**Requirement:** Only the lines from the one with "Long tablier personnalisable" through the last line of the data below are to be duplicated, exactly and without pictures.

**Information shown:**
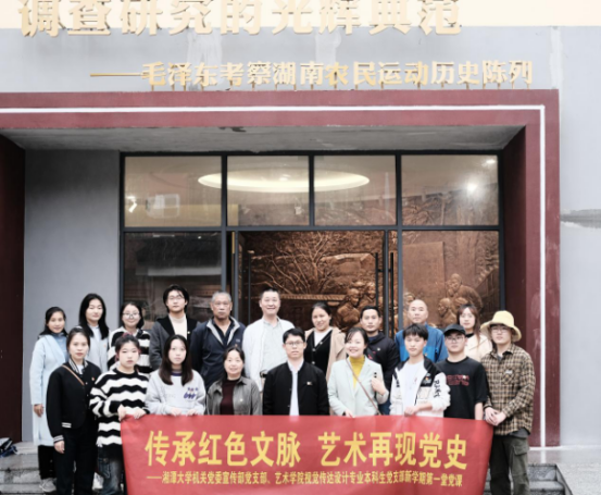 (刘林、白芳婷 ) 3月8日下午,yl23411永利集团官网机关党委宣传部党支部与yl23411永利集团官网视觉传达设计本科生党支部组织结对共建活动,赴韶山市银田镇开展“传承红色文脉,艺术再现党史”的实地考察学习活动,同时也是新学期党员同志们第一堂党课。yl23411永利集团官网机关党委宣传部党支部党员与yl23411永利集团官网视觉传达设计本科生党支部党员参与了此次活动。
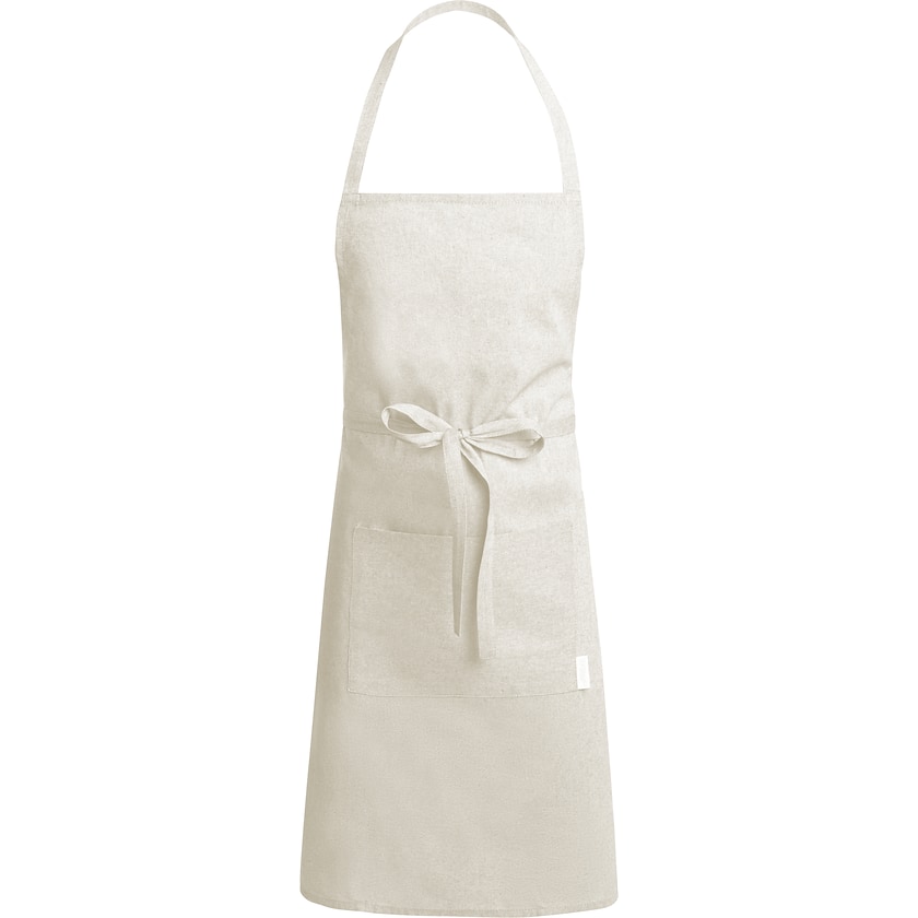 Long tablier personnalisable en coton 100% recyclé. Le devant du tablier propose une grande poche. Sur le tablier, une petite étiquette indique que le tablier est fabriqué en coton recyclé.
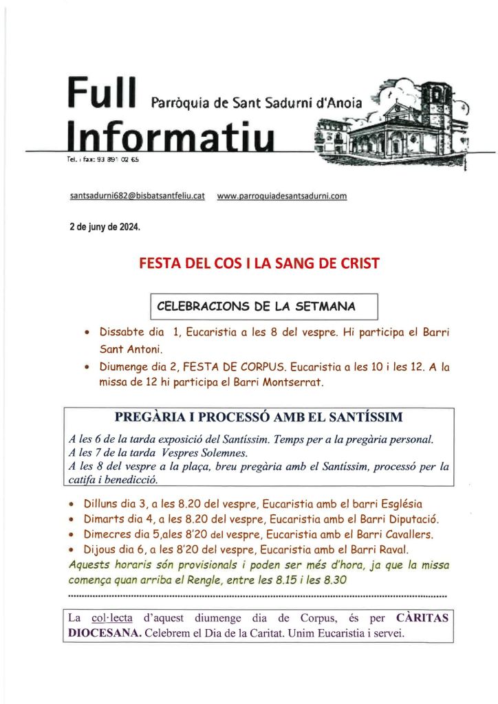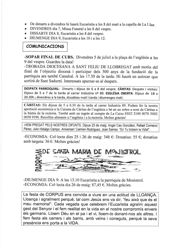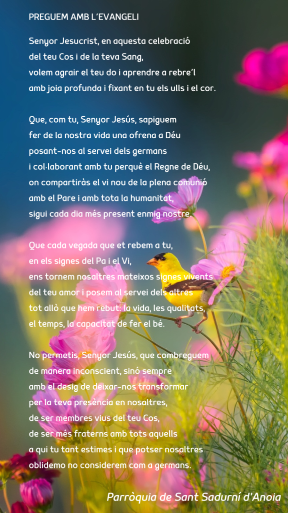 Publicat el Juny 2, 2024 FRASE DEL DIUMENGE, PREGÀRIA I FULL PARROQUIAL de Diumenge 2 de juny de 2024

**Answer space:**
 Long tablier personnalisable en coton 100% recyclé. Le devant du tablier propose une grande poche. Sur le tablier, une petite étiquette indique que le tablier est fabriqué en coton recyclé.
 Publicat el Juny 2, 2024 FRASE DEL DIUMENGE, PREGÀRIA I FULL PARROQUIAL de Diumenge 2 de juny de 2024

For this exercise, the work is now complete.